Files
git.stella-ops.org/docs/notifications/digests.md
root 68da90a11a
Some checks failed
Docs CI / lint-and-preview (push) Has been cancelled
Restructure solution layout by module
2025-10-28 15:10:40 +02:00

5.0 KiB
Raw Blame History

Notifications Digests

Imposed rule: Work of this type or tasks of this type on this component must also be applied everywhere else it should be applied.

Digests coalesce multiple matching events into a single notification when rules request batched delivery. They protect responders from alert storms while preserving a deterministic record of every input.


1. Digest lifecycle

  1. Window selection. Rule actions opt into a digest cadence by setting actions[].digest (instant, 5m, 15m, 1h, 1d). instant skips digest logic entirely.
  2. Aggregation. When an event matches, the worker appends it to the open digest window (tenantId + actionId + window). Events include the canonical scope, delta counts, and references.
  3. Flush. When the window expires or hits the workers safety cap (configurable), the worker renders a digest template and emits a single delivery with status Digested.
  4. Audit.

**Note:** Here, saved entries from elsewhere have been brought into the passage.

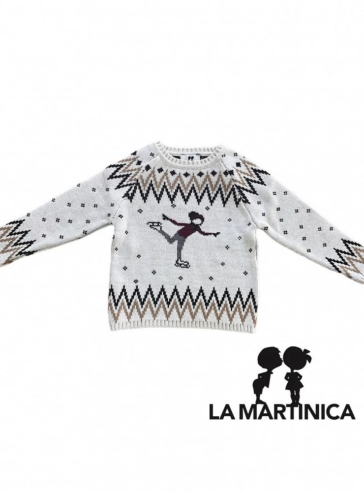 Sand-colored knit sweater with Greca in black and camel, has a skater in the center.
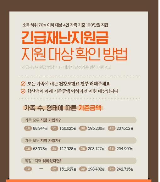 긴급재난지원금은 소득 하위 70% 이하 대상 4인 가족 기준 100만원 지급합니다.
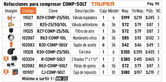 Caja de empaque de repuesto para COMP-50LT, TRUPER

The delivery ledger links back to the digest document so operators can inspect individual items and the aggregated summary.

2. Storage model

Digest state lives in Mongo (digests collection) and mirrors the schema described in ARCHITECTURE_NOTIFY.md:

{
  "_id": "tenant-dev:act-email-compliance:1h",
  "tenantId": "tenant-dev",
  "actionKey": "act-email-compliance",
  "window": "1h",
  "openedAt": "2025-10-24T08:00:00Z",
  "status": "open",
  "items": [
    {
      "eventId": "00000000-0000-0000-0000-000000000001",
      "scope": {
        "namespace": "prod-payments",
        "repo": "ghcr.io/acme/api",
        "digest": "sha256:…"
      },
      "delta": {
        "newCritical": 1,
        "kev": 1
      }
    }
  ]
}
  • status reflects whether the window is currently collecting (open) or has been completed (closed). Future revisions may introduce flushing for in-progress operations.
  • items[].delta captures aggregated counts for reporting (e.g., new critical findings, KEV, quieted).
  • Workers use optimistic concurrency on the document ID to avoid duplicate flushes across replicas.

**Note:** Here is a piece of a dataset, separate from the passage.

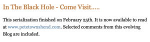 Once again, this website has been experiencing some issues that I’ve only now had time to address. There have been problems with “registration” and with “Log In”. I believe I’ve resolved these two issues for the time being! If you’ve registered, please try to log in! If you tried registering and hadn’t received an email to “activate”, it should now work properly. Please feel free to email me at webmaster@thewho.net if you have any problems!

3. Rendering and templates

  • Digest deliveries use the same template engine as instant notifications. Templates receive an additional digest object with window, openedAt, itemCount, and items (findings grouped by namespace/repository when available).
  • Provide digest-specific templates (e.g., tmpl-digest-hourly) so the body can enumerate top offenders, summarise totals, and link to detailed dashboards.
  • When no template is specified, Notify falls back to channel defaults that emphasise summary counts and redirect to Console for detail.

4. API surface

Endpoint Description Notes
POST /digests Issues administrative commands (e.g., force flush, reopen) for a specific action/window. Request body specifies the command target; requires notify.admin.
GET /digests/{actionKey} Returns the currently open window (if any) for the referenced action. Supports operators/CLI inspecting pending digests; requires notify.read.
DELETE /digests/{actionKey} Drops the open window without notifying (emergency stop). Emits an audit record; use sparingly.

All routes honour the tenant header and reuse the standard Notify rate limits.

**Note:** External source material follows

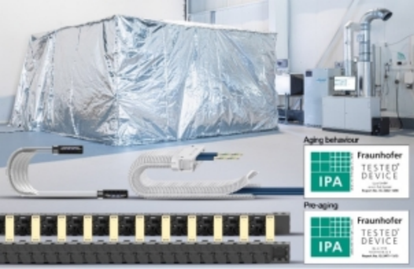 E6、e-skin flat、e-skin soft和easy chain E14系列拖链通过弗劳恩霍夫IPA研究所长期测试,证明了它们在干燥无尘室中的适用性

5. Worker behaviour and safety nets

  • Idempotency. Flush operations generate a deterministic digest delivery ID (digest:<tenant>:<actionId>:<window>:<openedAt>). Retries reuse the same ID.
  • Throttles. Digest generation respects action throttles; setting an aggressive throttle together with a digest window may result in deliberate skips (logged as Throttled in the delivery ledger).
  • Quiet hours. Future sprint work (NOTIFY-SVC-39-004) integrates quiet-hour calendars. When enabled, flush timers pause during quiet windows and resume afterwards.
  • Back-pressure. When the window reaches the configured item cap before the timer, the worker flushes early and starts a new window immediately.
  • Crash resilience. Workers rebuild in-flight windows from Mongo on startup; partially flushed windows remain closed after success or reopened if the flush fails.

6. Operator guidance

  • Choose hourly digests for high-volume compliance events; daily digests suit executive reporting.
  • Pair digests with incident-focused instant rules so critical items surface immediately while less urgent noise is summarised.
  • Monitor /stats output for openDigestCount to ensure windows are flushing; spikes may indicate downstream connector failures.
  • When testing new digest templates, open a small (5m) window, trigger sample events, then call POST /digests/{actionId}/flush to validate rendering before moving to longer cadences.

Imposed rule reminder: Work of this type or tasks of this type on this component must also be applied everywhere else it should be applied.